You might want to spend the money on using the agent to do as I mentioned above as a sort of “pair programming” and use this as an opportunity to learn the languages. Also, look around for a tutors, bootcamps, or sites, in the languages you’re actively using. Share small blocks or snippets of your code.

If truly worried ask if they’d sign an NDA, get a boiler plate off the internet for your area and let that be at least something (I suggest you get a professional to write you one that you can plug details in and use for multiple projects) then use all of the sources you have to spend the next few years making it MVP ready.

We can deploy and play around all day long for the sake of education. Tbh this is a better, more interactive hands on approach to codecadamy or alongside it because you get to see a wider view of the whole chabang.

The agent will only be able to take you so far until they manage to improve its coding capabilities. Until then it’s proven and known that the LLM’s just can’t quite handle more complex and coding errors. It will lie to you all day long and say it does and spin you in circles.
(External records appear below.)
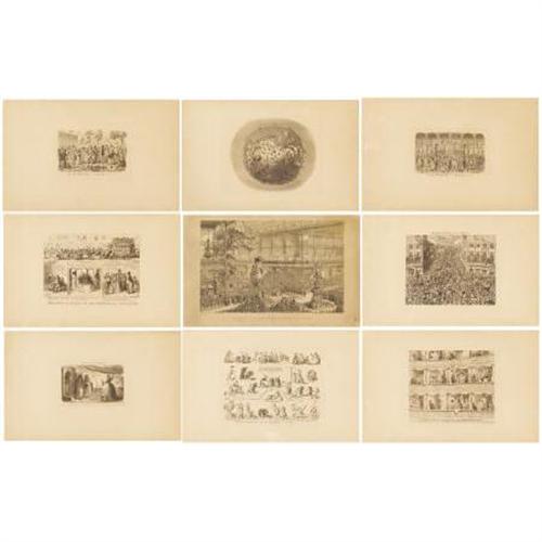 <B>David Bogue and Cruikshank</B></I><BR><I>1851 Exposition</B></I><BR>Set of 9 original lithographs<BR>12-1/2 x 19-1/2 inches (31.8 x 49.5 cm)<BR>Varied sizes <BR> <BR><BR><b>Shipping:</b> Requires 3rd Party Shipping (<a target="_blank" href="http://www.heritageauctions.com/common/shipping.php">view shipping information</a>)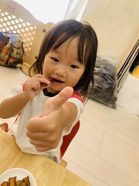そして3時のおやつは、10/8の「骨と関節の日」にちなみ、給食の先生がカルシウムたっぷりの手作りかりんとうを作ってくれました🤗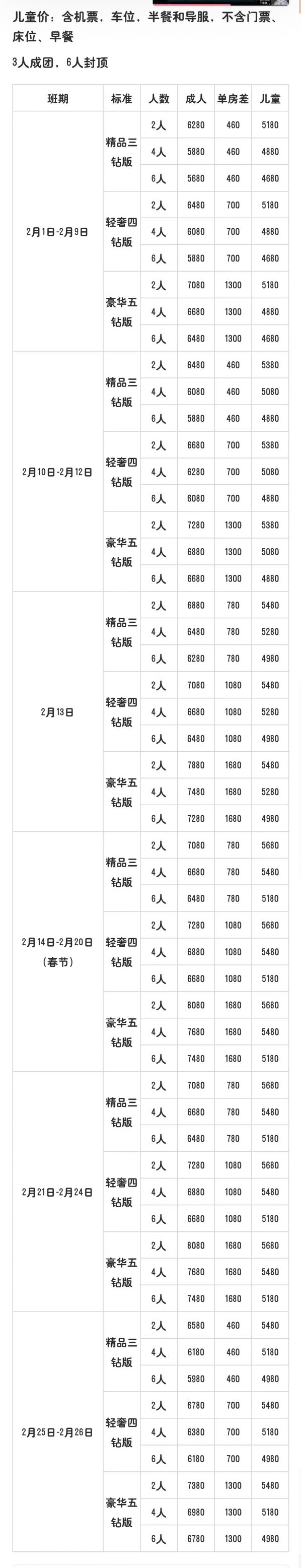成人 ¥7480 /人, 儿童 ¥5680 /人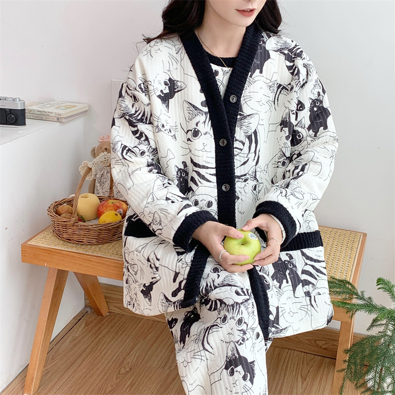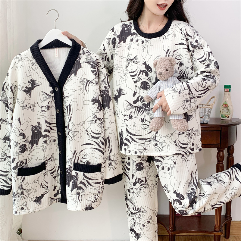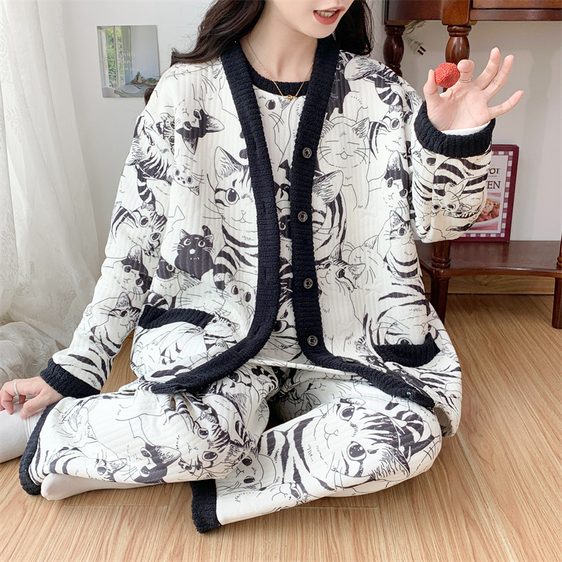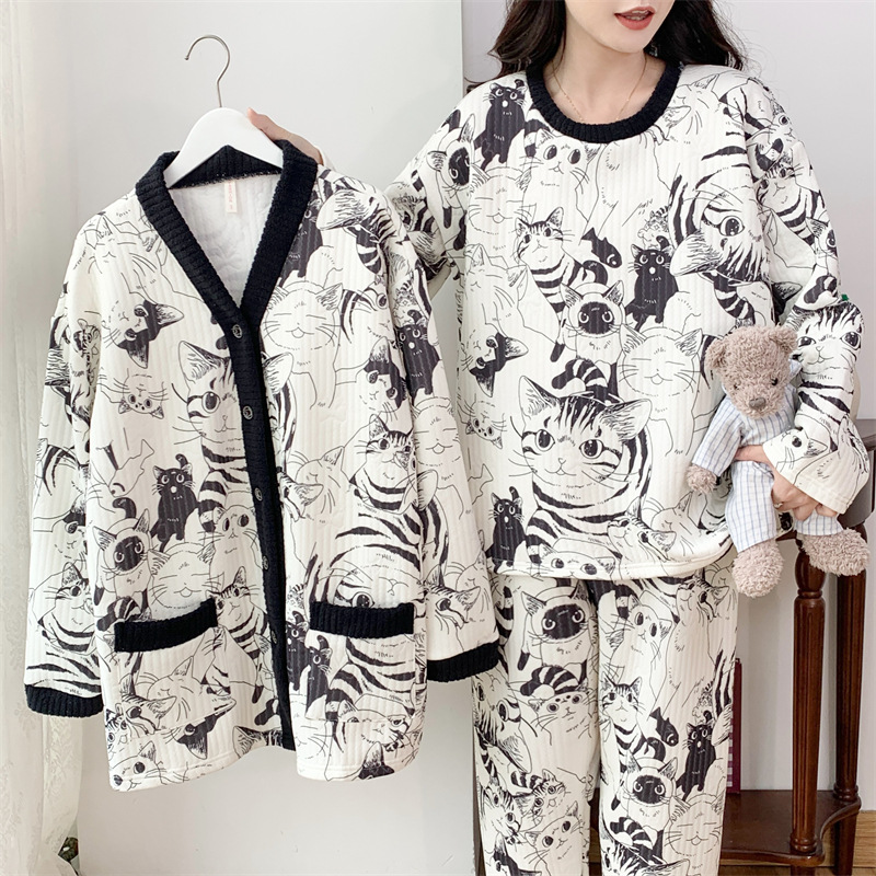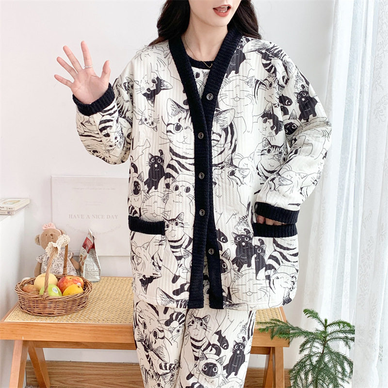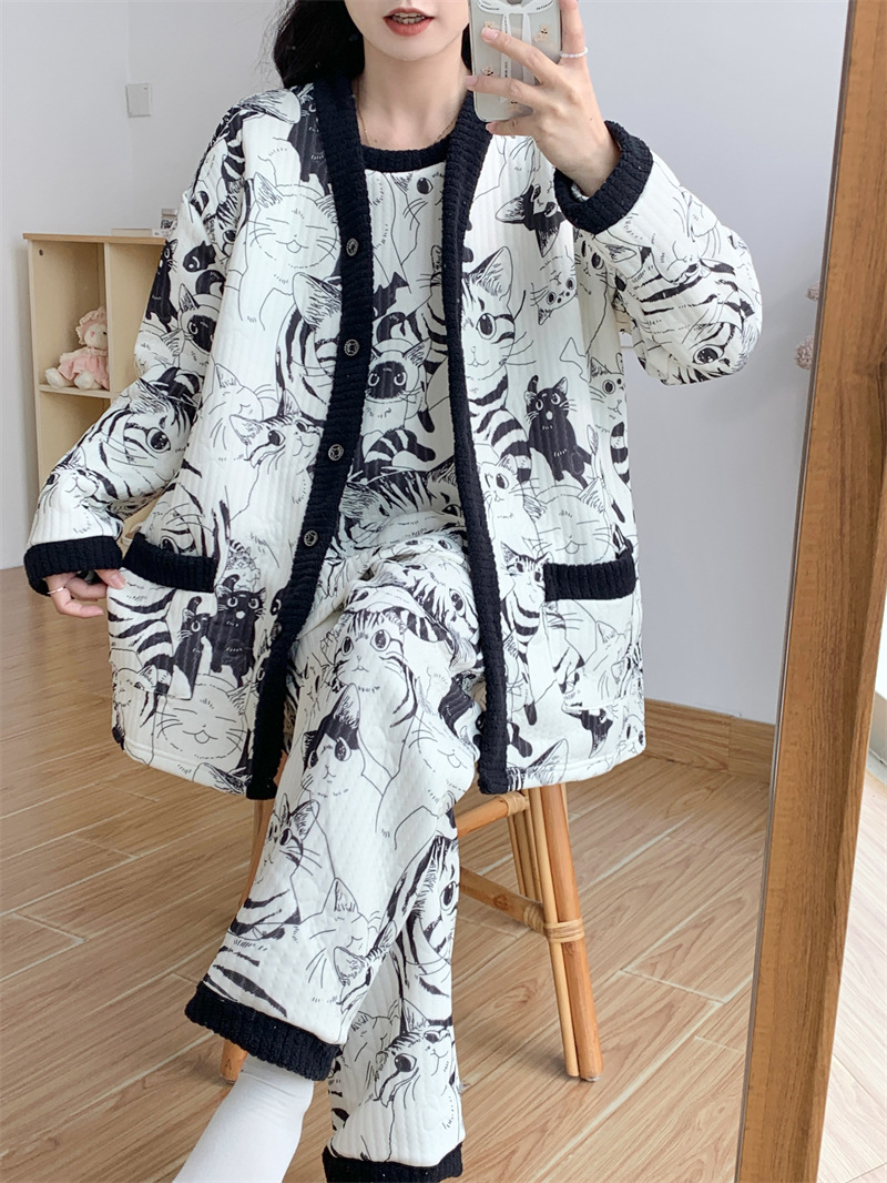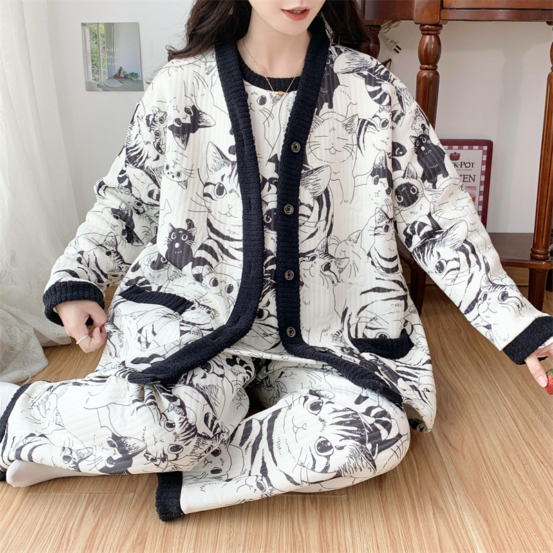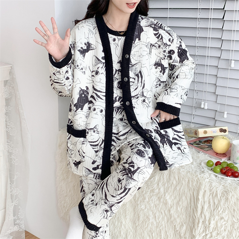 Пижамы для беременных больших размеров, 150kg предметов, из воздухопроницаемого хлопка, послеродовая одежда, утолщенная одежда для кормящих женщин, комплект домашней одежды из трех предметов для женщин после родов, больших размеров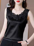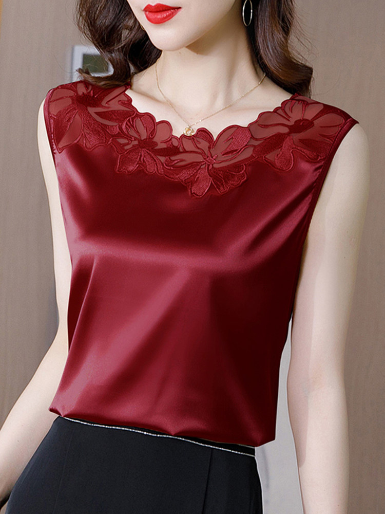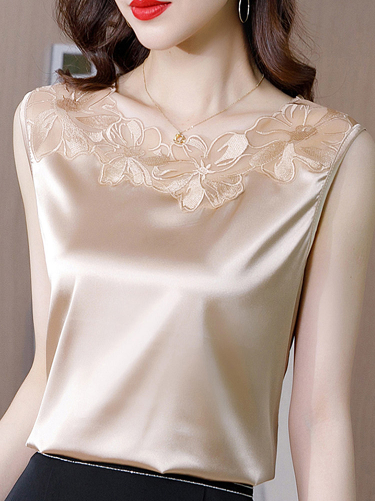 Кружевной шелковый топ с чашечками, майка топ, базовый костюм, футболка без рукавов, кружевное платье, свободный крой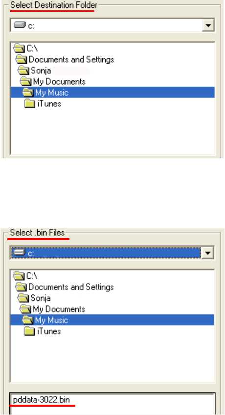 4. Under Select .bin files (left pane), navigate to your My Music folder and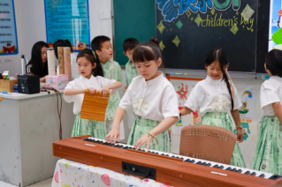 第一次走進(jìn)校園時,濃郁的美育氣息撲面而來。教學(xué)樓的走廊被打造成流動的藝術(shù)長廊:低年級童趣盎然的手工作品、高年級滿是回憶的畢業(yè)畫冊、利用廢舊物品打造的春日花園與孩子們精心培育的花草交相輝映。課間時分,悠揚的琴聲時常在校園里回蕩,讓人真切感受到"潤物細(xì)無聲"的美育力量。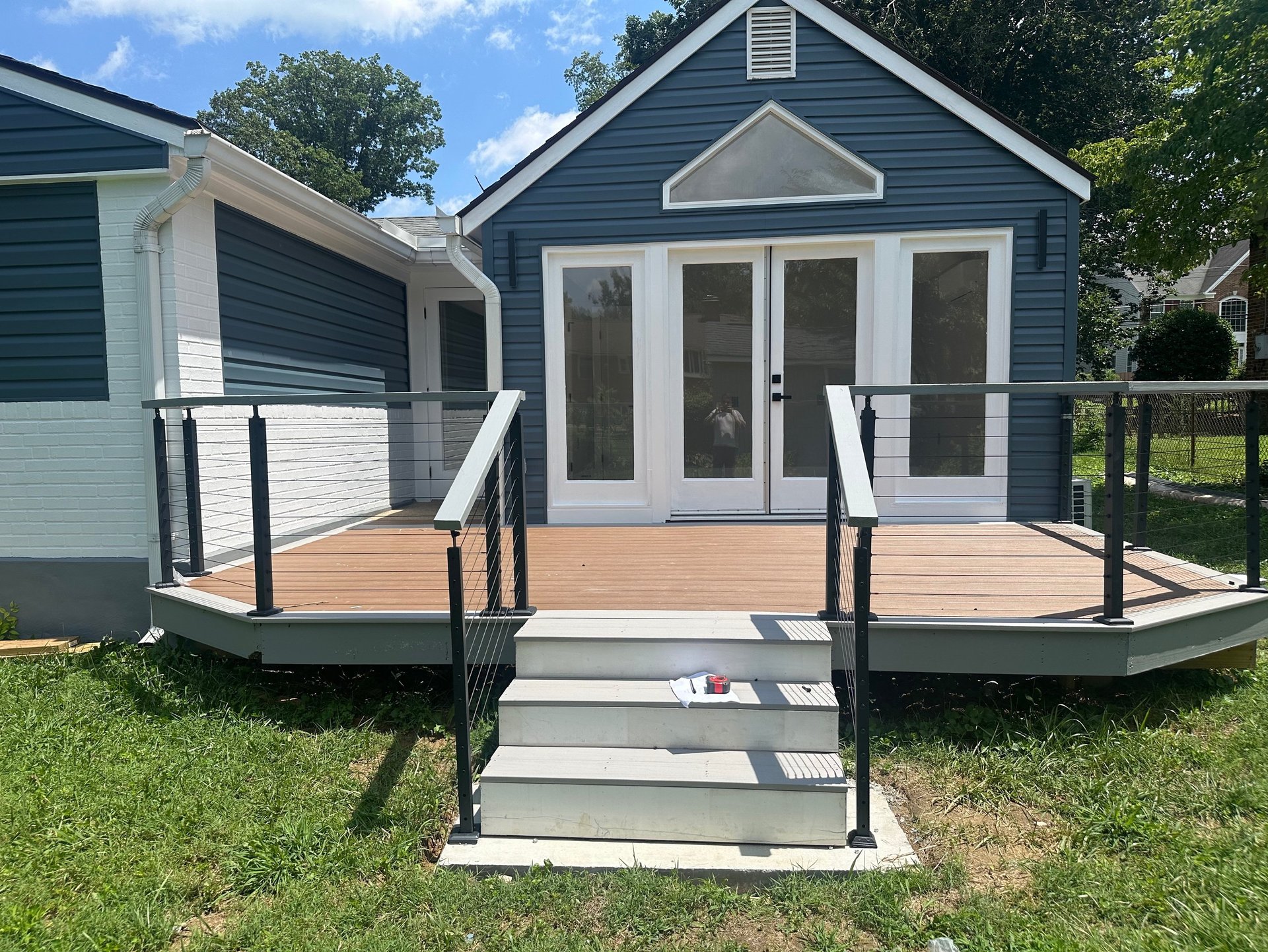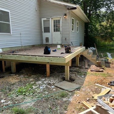 Explore our deck construction gallery with work-in-progress photos, including structural framing, deck boards installation, stairs, railings, and permit-compliant builds completed by our professional team in Northern Virginia.

That’s what they are talking about when they say it’s “hallucinating” it’s not out in the woods tripping on acid while some other old hippie catches him tripping on acid. SOHCAHTOA

it’s just blowing steam up your pipes to see what’s under your skirt per sei lol

If you really want to make these ready to deploy, baked and ready to ship out of the box when the customers open them. Get ready to spend years, and years and when you thought you were done everything’s changed and now you have to start again… it’s like this seriously. This is why Mark Zuckerburger and Elon Tusk and Bill the Gates Keeper all had deep pockets and generational wealth helping them. Its becoming a lot more sustainable and easier for us to be able to break through these systemic barriers that plague software engineering, however we are far away from that reality… sadly, even the professors in the industry are superficial gate keepers who are terrified of LLMs replacing them rather than leaning into them and using them as the dank tool they are.

Edit: I was told right off the bat. Software and most companies have a lifespan of 20-30 years. Most successful apps are weird niche apps (like this even though it’s honestly a trivial concept and idea Replit went boom). Plan for the day you’re no longer relevant anymore otherwise you might find yourself being old washed up, and unable to communicate like a decent human being. No matter how successful you were, or how much money the apps make you. Please remember these days. The beginning days. The days that you felt so much vigor and passion. It might help you from becoming a monster lol

Oh, that’s handy! This setup would help create, for example, an admin dashboard and an app side by side, separating concerns and then use GitHub Actions and Bash to spin up, say Azure resources?

Depending on how complex rich your app
Is! I’ve been experimenting which might help: I’ve started creating a little .json “plan” for each feature before the agent starts work. It includes the expected files, components, or fields that should change. Then I run a small script that checks if only those things were touched, kind of like giving the agent a checklist and guardrails. Maybe this could help with your issues with naming commits correctly!? You can also run all this from Replits bash shell.